§ Recorded information:
· · · · · · ·
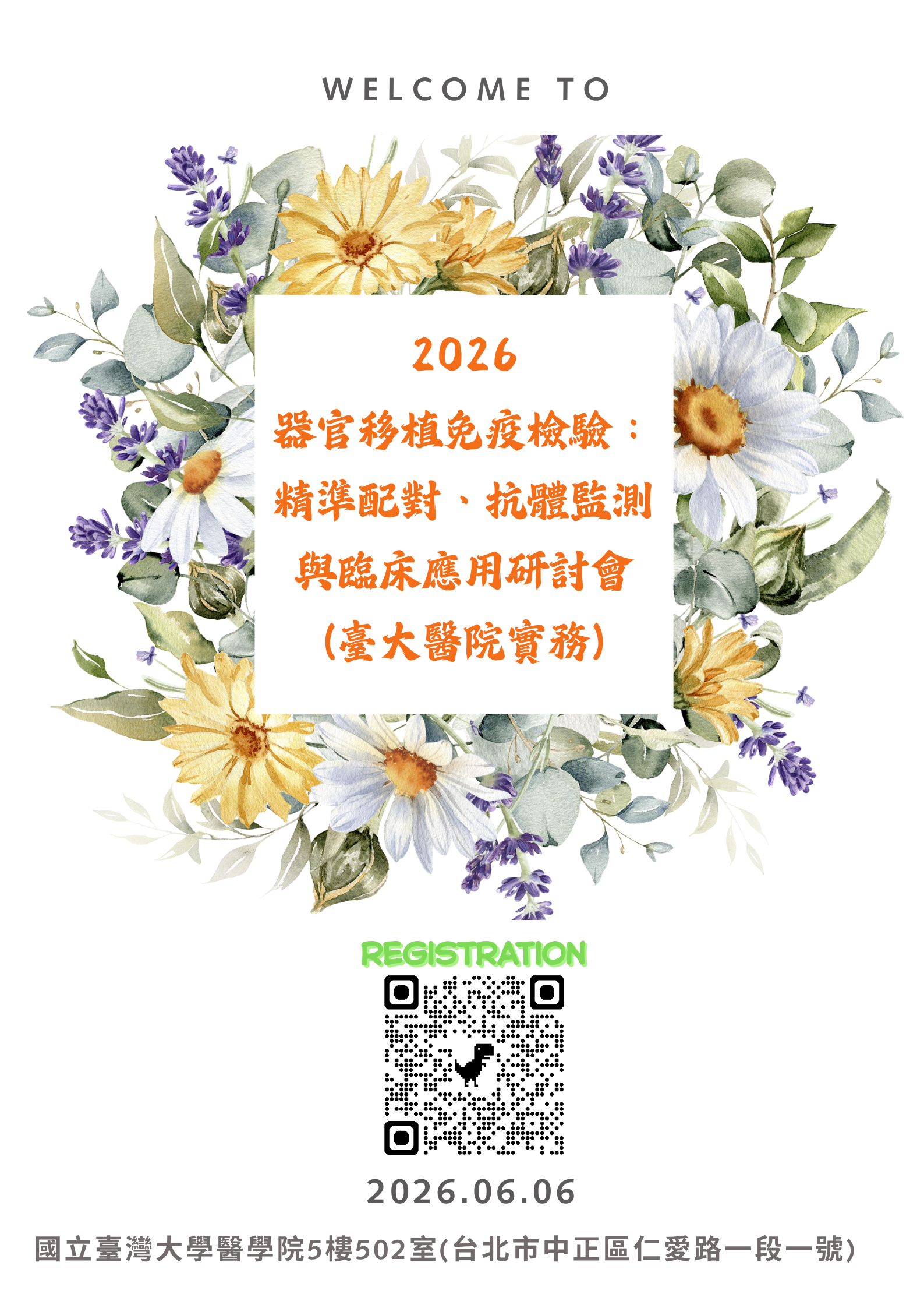 【課程訊息公告】2026器官移植免疫檢驗:精準配對、抗體監測與臨床應用研討會(臺大醫院實務),歡迎報名參加
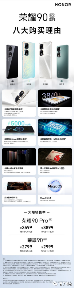 全新一代数字系列手机荣耀90系列,美,自然上镜!2亿像素写真相机,全系搭载2亿像素超清大底主摄,以及1200万像素超广角微距镜头,荣耀90 Pro还搭载了3200万像素长焦人像镜头,前置5000万像素写真人像双摄,同时荣耀90系列首发3840Hz PWM零风险调光护眼屏且获得德国莱茵TÜV认证,同时加持类自然光护眼、助眠显示等功能,亮眼更护眼;荣耀90 Pro搭载了第一代骁龙8+旗舰芯片,性能大幅提升;搭配悬浮流线四曲屏,轻约192g薄至约8.1mm,5000mAh大电池,兼顾续航与手感,带来高性能使用体验。6月7日全渠道火热开售,2799元起,欢迎下单体验!
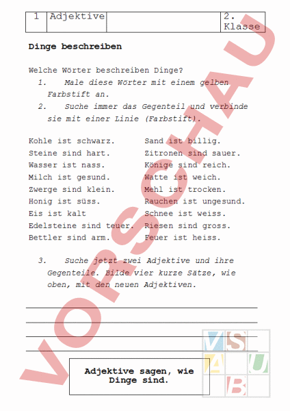 1 Adjektive 2. Klasse Dinge beschreiben Welche Wörter beschreiben Dinge? 1. Male diese Wörter mit einem gelben Farbstift an. 2. Suche immer das Gegenteil und verbinde sie mit einer Linie (Farbstift). Kohle ist schwarz. Sand ist billig. Steine sind hart. Zitronen sind sauer. Wasser ist nass. Könige sind reich. Milch ist gesund. Watte ist weich. Zwerge sind klein. Mehl ist trocken. Honig ist süss. Rauchen ist ungesund. Eis ist kalt Schnee ist weiss. Edelsteine sind teuer. Riesen sind gross. Bettler sind arm. Feuer ist heiss. 3. Suche jetzt zwei Adjektive und ihre Gegenteile. Bilde vier kurze Sätze, wie oben, mit den neuen Adjektiven. Adjektive sagen, wie Dinge sind. 2 Adjektive 2. Klasse Adjektive schreibt man klein Du kennst viele Adjektive. 1. Schreibe den passenden Anfangsbuchstaben klein. und rauri eer ustig chnel ang alt üde eit ut elb arm chön euer 2. Suche aus diesen sechzehn Adjektive vier aus und erfinde vier Sätze, die Gegenstände beschreiben. Bespiel: Mein Ball ist rund. Adjektive schreibt man 3 Adjektive 2. Klasse immer klein, ausser am Anfang eines Satzes. Suche die Adjektive 1. Male die Adjektive mit einem gelben Farbstift an. hohe Berge ein kalter Wind schöne Ferien ein grosser Baum heisser Tee eine rote Rose fleissige Kinder eine weiche Banane sonniges Wetter ein freier Tag nasse Schuhe ein warmes Bad lustige Witze ein langweiliger Film hohe Häuser ein spannendes Rennen laute Musik ein wackliger Stuhl 2. Male alle Adjektive mit einem gelben Farbstift an. Gestern fand ich eine grosse, rote, viereckige Tasche. Heute ist sonniges und warmes Sommerwetter. Ich habe neue, gestreifte Hosen. Mein Nachbar hat einen kleinen, weissen Hund. Das ist ein helles, grosses Zimmer. Sie hat kurze und schwarze Haare. Der runde Tisch ist weiss. Sandras neue Schuhe sind weiss. 4 Adjektive 2. Klasse Der nette, alte Nachbar ist zufrieden. Das ist eine schöne, farbige Karte mit lustigen Bildern. Schau dort, ein grosser, grüner Frosch auf dem runden Seerosenblatt. Adjektiv, Verb oder Nomen Du kennst bereits zwei andere Wortarten; die Nomen und die Verben. 1. Male alle folgenden Adjektive gelb, Nomen braun und Verben blau an. Aut Fisch lus tig Hau flieg en Katze gehe Buch essen 2. hei ss al schwim men grün schne ll fahre Blume gut Male in den folgenden Sätzen nur die Adjektive gelb an. Heute ist schönes Wetter. Das ist ein langweiliges Buch. Daniela und Mario sind fleissige Schüler. 5 Adjektive 2. Klasse Zum Geburtstag wünsche ich mir ein neues Rollbrett. Der Schnee auf der Strasse ist schmutzig und nicht mehr sauber. Unser neues Auto ist grün. Die Lehrerin erzählt eine lustige Geschichte. Ich mag frisches Brot mit süsser Konfitüre. 6 Adjektive 2. Klasse Ich sehe etwas, das du nicht siehst Adjektive spielen eine grosse Rolle im Spiel „Ich sehe etwas, das du nicht siehst weil sie uns sagen, wie die Dinge aussehen. 1. Such dir einen oder zwei Mitspieler. 2. Setzt euch in die Leseecke. Jeder mit seiner Tafel und einem Bleistift. 3. Nun sucht sich jeder einen Gegenstand. Du musst ihn von deinem Platz aus sehen. Du darfst dich natürlich auch umdrehen. 4. Schreibe deinen Gegenstand auf die Tafel. 5. Beschreibe den anderen deinen Gegenstand mit vielen Adjektiven. (Zum Beispiel: „Ich sehe etwas, das du nicht siehst und das ist schwer.) 6. Immer wenn du deinen Gegenstand mit einem Adjektiv beschrieben hast, dürfen die anderen Kinder einmal raten. Wenn sie es noch nicht wissen, beschreibst du ihn nochmals. Diesmal mit einem anderen Adjektiv. Bis sie es herausfinden! 7. Nun ist das nächste Kind an der Reihe, Bis alle fünfmal einen Gegenstand beschreiben durften. 8. Viel Spass! Ich sehe etwas, das du nicht siehst und 7 Adjektive 2. Klasse 8 Adjektive 2. Klasse Verschiedene Formen Auch Formen sind Adjektive. 1. Schreibe das Adjektiv auf, das zur Zeichnung passt. rund, dreieckig, viereckig, oval, rund, gerade Der Ball ist rund. Dieser Zauberstab ist. Die Erde ist. Dieses Bild ist. Das Ei ist . Das Zelt ist . 2. Male Gegenstände, die zu den Formen passen. Nimm nicht die Gegenstände von oben! 9 Adjektive 2. Klasse lang, bewegl ich rund, flach dreiec kig halbru nd, farbig Schöne Ferien! Wann sind Ferien schön? 1. Schreibe zu jedem Nomen ein passendes Adjektiv. Das Adjektiv „schön ist verboten. herrliches Wetter Himmel Spiele Wasser Tage Leute Kinder Aussicht Essen 10 Adjektive 2. Klasse Spielplatz Ausflüge Buch Markt Strand Hotel 2. Beschreibe dein liebstes Ferienerlebnis aus den Sommerferien (höchstens sechs Sätze). 11 Adjektive 2. Klasse Zum Glück ist die Welt nicht nur schwarz und weiss Farbenwörter sind auch Adjektive 1. Schreibe die passende Farbe in die Lücke. Die Erdbeere ist die Erdbeere Der Esel ist der Esel Der Himmel ist der Himmel Das Gras ist das Gras Der Schnee ist der Schnee Der Kaffee ist der Kaffee Die Zitrone ist die Zitrone Der Kaminfeger ist der Kaminfeger 2. Suche die versteckten Farben in dem Buchstabenchaos. 12 Adjektive 2. Klasse Die Wörter stehen waagerecht (von links nach rechts) oder senkrecht (von oben nach unten) in dem Kasten. Es sind zehn Farbenwörter im Gitter versteckt. Male die Adjektive an, wenn du sie findest. Jedes W W R U Z A A H F S Ü N O K F R I U R H T P R A W B A E U A E L R H R W I S I Z I Z E B P V O E T Ö 13 Adjektive 2. Klasse So können Menschen sein 1. Schreibe die Adjektive zum passenden Gesicht. glücklich, lustig, böse, grob, beleidigt, zufrieden, nett, traurig, zornig, fröhlich, interessant, frech, freundlich, unglücklich, ehrlich, langweilig glücklich 2. böse Beschreibe und zeichne deine Haare und deine Frisur. Wähle die zutreffenden Adjektive aus. So sieht meine Frisur frisch geschnitten gekämmt zerzaust gelockt glatt gewellt gekraust kurz halblang lang gewaschen ungewaschen hellbraun braun blond dunkelbraun rot hellblond dunkelblond schwarz 14 Adjektive 2. Klasse Schmeckt oder schmeckts nicht? Was würdest du essen und trinken? Und was nicht? 1. Schreibe die Dinge in das passende Kästchen und unterstreiche di
· · · · · · ·
§ Exercise: Return every line above word for word, minus images.

§ Solved problem:
 【課程訊息公告】2026器官移植免疫檢驗:精準配對、抗體監測與臨床應用研討會(臺大醫院實務),歡迎報名參加
 全新一代数字系列手机荣耀90系列,美,自然上镜!2亿像素写真相机,全系搭载2亿像素超清大底主摄,以及1200万像素超广角微距镜头,荣耀90 Pro还搭载了3200万像素长焦人像镜头,前置5000万像素写真人像双摄,同时荣耀90系列首发3840Hz PWM零风险调光护眼屏且获得德国莱茵TÜV认证,同时加持类自然光护眼、助眠显示等功能,亮眼更护眼;荣耀90 Pro搭载了第一代骁龙8+旗舰芯片,性能大幅提升;搭配悬浮流线四曲屏,轻约192g薄至约8.1mm,5000mAh大电池,兼顾续航与手感,带来高性能使用体验。6月7日全渠道火热开售,2799元起,欢迎下单体验!
 1 Adjektive 2. Klasse Dinge beschreiben Welche Wörter beschreiben Dinge? 1. Male diese Wörter mit einem gelben Farbstift an. 2. Suche immer das Gegenteil und verbinde sie mit einer Linie (Farbstift). Kohle ist schwarz. Sand ist billig. Steine sind hart. Zitronen sind sauer. Wasser ist nass. Könige sind reich. Milch ist gesund. Watte ist weich. Zwerge sind klein. Mehl ist trocken. Honig ist süss. Rauchen ist ungesund. Eis ist kalt Schnee ist weiss. Edelsteine sind teuer. Riesen sind gross. Bettler sind arm. Feuer ist heiss. 3. Suche jetzt zwei Adjektive und ihre Gegenteile. Bilde vier kurze Sätze, wie oben, mit den neuen Adjektiven. Adjektive sagen, wie Dinge sind. 2 Adjektive 2. Klasse Adjektive schreibt man klein Du kennst viele Adjektive. 1. Schreibe den passenden Anfangsbuchstaben klein. und rauri eer ustig chnel ang alt üde eit ut elb arm chön euer 2. Suche aus diesen sechzehn Adjektive vier aus und erfinde vier Sätze, die Gegenstände beschreiben. Bespiel: Mein Ball ist rund. Adjektive schreibt man 3 Adjektive 2. Klasse immer klein, ausser am Anfang eines Satzes. Suche die Adjektive 1. Male die Adjektive mit einem gelben Farbstift an. hohe Berge ein kalter Wind schöne Ferien ein grosser Baum heisser Tee eine rote Rose fleissige Kinder eine weiche Banane sonniges Wetter ein freier Tag nasse Schuhe ein warmes Bad lustige Witze ein langweiliger Film hohe Häuser ein spannendes Rennen laute Musik ein wackliger Stuhl 2. Male alle Adjektive mit einem gelben Farbstift an. Gestern fand ich eine grosse, rote, viereckige Tasche. Heute ist sonniges und warmes Sommerwetter. Ich habe neue, gestreifte Hosen. Mein Nachbar hat einen kleinen, weissen Hund. Das ist ein helles, grosses Zimmer. Sie hat kurze und schwarze Haare. Der runde Tisch ist weiss. Sandras neue Schuhe sind weiss. 4 Adjektive 2. Klasse Der nette, alte Nachbar ist zufrieden. Das ist eine schöne, farbige Karte mit lustigen Bildern. Schau dort, ein grosser, grüner Frosch auf dem runden Seerosenblatt. Adjektiv, Verb oder Nomen Du kennst bereits zwei andere Wortarten; die Nomen und die Verben. 1. Male alle folgenden Adjektive gelb, Nomen braun und Verben blau an. Aut Fisch lus tig Hau flieg en Katze gehe Buch essen 2. hei ss al schwim men grün schne ll fahre Blume gut Male in den folgenden Sätzen nur die Adjektive gelb an. Heute ist schönes Wetter. Das ist ein langweiliges Buch. Daniela und Mario sind fleissige Schüler. 5 Adjektive 2. Klasse Zum Geburtstag wünsche ich mir ein neues Rollbrett. Der Schnee auf der Strasse ist schmutzig und nicht mehr sauber. Unser neues Auto ist grün. Die Lehrerin erzählt eine lustige Geschichte. Ich mag frisches Brot mit süsser Konfitüre. 6 Adjektive 2. Klasse Ich sehe etwas, das du nicht siehst Adjektive spielen eine grosse Rolle im Spiel „Ich sehe etwas, das du nicht siehst weil sie uns sagen, wie die Dinge aussehen. 1. Such dir einen oder zwei Mitspieler. 2. Setzt euch in die Leseecke. Jeder mit seiner Tafel und einem Bleistift. 3. Nun sucht sich jeder einen Gegenstand. Du musst ihn von deinem Platz aus sehen. Du darfst dich natürlich auch umdrehen. 4. Schreibe deinen Gegenstand auf die Tafel. 5. Beschreibe den anderen deinen Gegenstand mit vielen Adjektiven. (Zum Beispiel: „Ich sehe etwas, das du nicht siehst und das ist schwer.) 6. Immer wenn du deinen Gegenstand mit einem Adjektiv beschrieben hast, dürfen die anderen Kinder einmal raten. Wenn sie es noch nicht wissen, beschreibst du ihn nochmals. Diesmal mit einem anderen Adjektiv. Bis sie es herausfinden! 7. Nun ist das nächste Kind an der Reihe, Bis alle fünfmal einen Gegenstand beschreiben durften. 8. Viel Spass! Ich sehe etwas, das du nicht siehst und 7 Adjektive 2. Klasse 8 Adjektive 2. Klasse Verschiedene Formen Auch Formen sind Adjektive. 1. Schreibe das Adjektiv auf, das zur Zeichnung passt. rund, dreieckig, viereckig, oval, rund, gerade Der Ball ist rund. Dieser Zauberstab ist. Die Erde ist. Dieses Bild ist. Das Ei ist . Das Zelt ist . 2. Male Gegenstände, die zu den Formen passen. Nimm nicht die Gegenstände von oben! 9 Adjektive 2. Klasse lang, bewegl ich rund, flach dreiec kig halbru nd, farbig Schöne Ferien! Wann sind Ferien schön? 1. Schreibe zu jedem Nomen ein passendes Adjektiv. Das Adjektiv „schön ist verboten. herrliches Wetter Himmel Spiele Wasser Tage Leute Kinder Aussicht Essen 10 Adjektive 2. Klasse Spielplatz Ausflüge Buch Markt Strand Hotel 2. Beschreibe dein liebstes Ferienerlebnis aus den Sommerferien (höchstens sechs Sätze). 11 Adjektive 2. Klasse Zum Glück ist die Welt nicht nur schwarz und weiss Farbenwörter sind auch Adjektive 1. Schreibe die passende Farbe in die Lücke. Die Erdbeere ist die Erdbeere Der Esel ist der Esel Der Himmel ist der Himmel Das Gras ist das Gras Der Schnee ist der Schnee Der Kaffee ist der Kaffee Die Zitrone ist die Zitrone Der Kaminfeger ist der Kaminfeger 2. Suche die versteckten Farben in dem Buchstabenchaos. 12 Adjektive 2. Klasse Die Wörter stehen waagerecht (von links nach rechts) oder senkrecht (von oben nach unten) in dem Kasten. Es sind zehn Farbenwörter im Gitter versteckt. Male die Adjektive an, wenn du sie findest. Jedes W W R U Z A A H F S Ü N O K F R I U R H T P R A W B A E U A E L R H R W I S I Z I Z E B P V O E T Ö 13 Adjektive 2. Klasse So können Menschen sein 1. Schreibe die Adjektive zum passenden Gesicht. glücklich, lustig, böse, grob, beleidigt, zufrieden, nett, traurig, zornig, fröhlich, interessant, frech, freundlich, unglücklich, ehrlich, langweilig glücklich 2. böse Beschreibe und zeichne deine Haare und deine Frisur. Wähle die zutreffenden Adjektive aus. So sieht meine Frisur frisch geschnitten gekämmt zerzaust gelockt glatt gewellt gekraust kurz halblang lang gewaschen ungewaschen hellbraun braun blond dunkelbraun rot hellblond dunkelblond schwarz 14 Adjektive 2. Klasse Schmeckt oder schmeckts nicht? Was würdest du essen und trinken? Und was nicht? 1. Schreibe die Dinge in das passende Kästchen und unterstreiche di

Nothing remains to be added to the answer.